§ **Input data**:
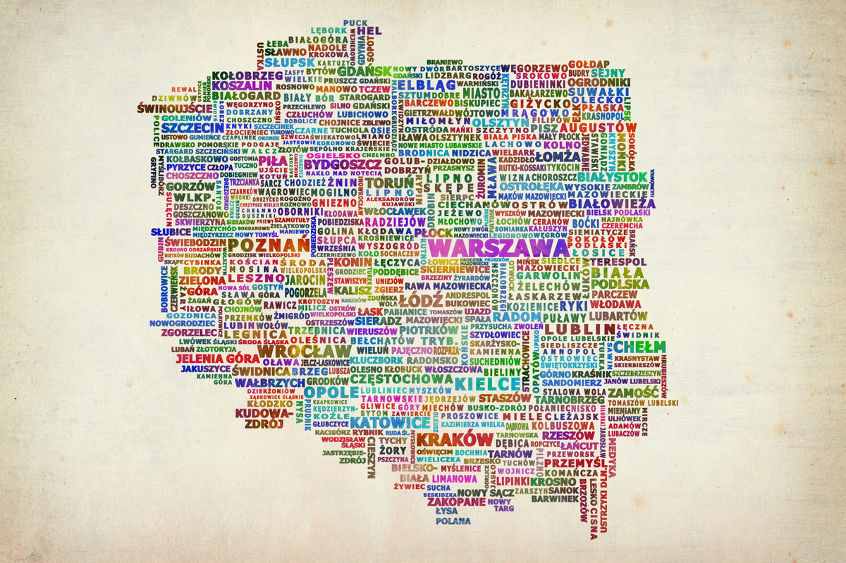 Bild: Eine farbenfrohe Karte von Polen, bestehend aus Ortsnamen.
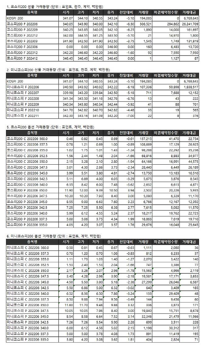 [표]거래소주가지수선물·옵션시세표(5/19)
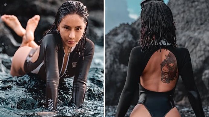 照片中,可以看到梁云菲身穿一件黑色長袖潛水防寒衣,以黑色為主調,側邊拼接白色線條,勾勒出流線型的身形輪廓;胸前配有拉鍊設計,從領口開至胸前,展現微微性感卻不失俐落感。
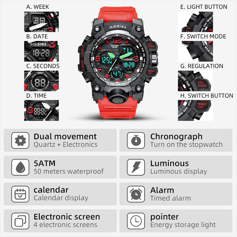 Caratteristica:Giorno/data, Resistente all'acqua, Display A LED, Luminoso, Settimana di Visualizzazione, Mani luminose, Resistente agli Urti, Cronometro, Luce posteriore

§ **What is being asked**:
Every line of the data above is to be set down word for word, with the pictures left out.

§ **Problem solution**:
 Bild: Eine farbenfrohe Karte von Polen, bestehend aus Ortsnamen.
 [표]거래소주가지수선물·옵션시세표(5/19)
 照片中,可以看到梁云菲身穿一件黑色長袖潛水防寒衣,以黑色為主調,側邊拼接白色線條,勾勒出流線型的身形輪廓;胸前配有拉鍊設計,從領口開至胸前,展現微微性感卻不失俐落感。
 Caratteristica:Giorno/data, Resistente all'acqua, Display A LED, Luminoso, Settimana di Visualizzazione, Mani luminose, Resistente agli Urti, Cronometro, Luce posteriore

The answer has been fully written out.